近在咫尺的聲音讓蘇曉檣回過頭,她能清晰地看見路明非擋在了怪物的必經之路上,整個右手都被怪物的利爪刺穿,這才讓她能逃出生天。

眼角的淚水隨著頭髮的飛舞在空氣中消散,她知道現在該她來救這位從天而降的英雄了。

“給我滾開!”

擋下唐治的又一次利爪後,路明非踹在了唐治的下腹,藉著力道終於脫離了他的威脅,右手已經沒有了知覺,看著下意識抽搐著的手掌,血管與碎骨和翻絞著的肌肉混在一起。

“真狼狽啊,我已經多久沒有被逼到這種地步了,說到底還得手裡有武器才行啊,我出來救什麼人呢。”
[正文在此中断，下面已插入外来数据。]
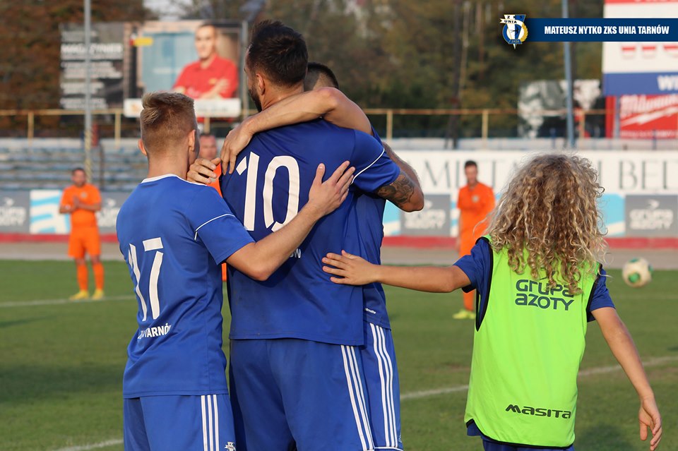 Przewaga Unii utrzymywała się także po przerwie, a goście zmuszeni do obrony swoich szans szukali w kontratakach. Po godzinie gry groźny strzał z około 17 metrów oddał Szymon Adamski, lecz piłka minimalnie minęła bramkę. Prowadzenie Jaskółkom dała akcja wykończona przez duet napastników Popiela-Biały. Pierwszy z nich zagrał głową obok kładącego się golkipera gości, a drugi efektownym szczupakiem wpakował futbolówkę do siatki. Po zdobyciu gola Unia dążyła do podwyższenia prowadzenia, jednak Krzysztof Kordeczka kilkakrotnie tego dnia ratował swój zespół efektownymi paradami. Pechowo dla Jaskółek zakończyła się ostatnia akcja meczu, która zadecydowała o końcowym rezultacie. Po wrzutce z rzutu wolnego, zamieszanie w polu karnym gospodarzy wykorzystali przyjezdni i pakując piłkę do bramki wyszarpali remis. Arbiter nie wznowił już gry i obie drużyny podzieliły się punktami.
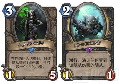 刚开始看到这张卡的时候我就很关注他的效果,潜行每回合还能生一个算是不错,起码效果都是正的。但在整理橙卡的时候我才发现原来这是张橙卡属性,对此我表示由衷的惊叹。说实话,给这张牌以橙卡属性确实不太够格。我们可以最明显的对比一个栗子——小鬼召唤师。同样的费用,相似的特性,但是一个潜行11,一个正常14,一个橙卡属性,一个蓝卡属性。在如今节奏要求重要的炉石环境中,这张牌实在是太慢了,并且本体还不能轻易出来,即便不出来,其一血的身材随便一个AOE就会被打掉,最终落得一个逗逼橙的下场,这倒是与耐心的刺客一样。看来这仿佛一蓝一紫的结合铸造了其橙卡的属性。
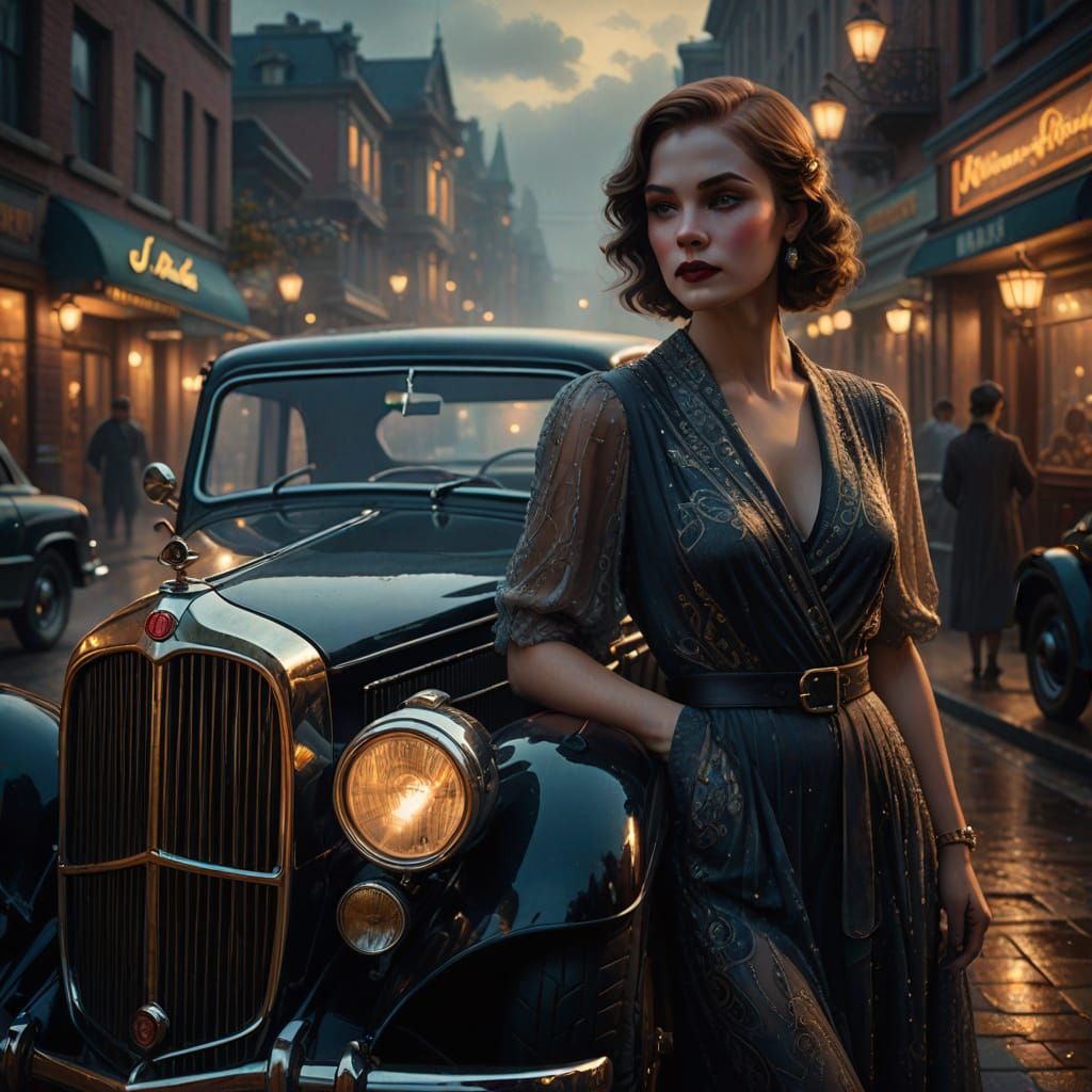 This image shows a beautiful woman posing with a classic car in a dark, ethereal art deco setting. The scene features golden lighting, soft mist, and mysterious shadows, rendered with vivid colors.

嘴角扯出一個嘲諷的笑容,到底是不可能看著熟悉的人死在面前,就像他不願意讓那個少女投身火焰點燃自己,他不願意看著月之公主悲慘地死在月光照耀不到的地底,他不願意可愛的小蛇人就這麼自絕於自己的絕望中。

如果有能力救救他們,路明非會竭盡全力,這是他在交界地這塊瘋狂的土地上為數不多的眷戀。一如她們,也一如蘇曉檣。

“哥哥,回想起你的權與力吧。”

“閉嘴!”

恍惚間,路明非好像又看見了那個名為路鳴澤的男孩,他半坐在窗臺之上,夕陽穿過他的身子照在房間裡的自己身上,溫暖卻又轉瞬即逝。

璀璨的黃金在小巷中亮起,隨之而來的是奔湧的雷霆,在過去,“黃金”葛德文戰勝古龍弗爾桑克斯,隨後化敵為友──此為王城古龍信仰的起源。

信仰著古龍的羅德爾騎士們用著璀璨黃金的雷霆,據說這是“黃金”葛德文從古龍那赤紅的雷霆中改造而來,能夠讓人類也自由使用。

騎士們向葛德文祈禱,也向古龍們祈禱,而雷霆正是回應。

聚集的雷電在路明非的左手中拉出一杆長槍,像是投標槍一般擲出。此刻,快若雷霆再也不是一種誇張的修辭,雷霆長槍根本無法被抓住飛行軌跡,直接砸在了唐治的胸口,隨後像是從地上生長出一棵雷霆大樹,在夜空中一閃而逝。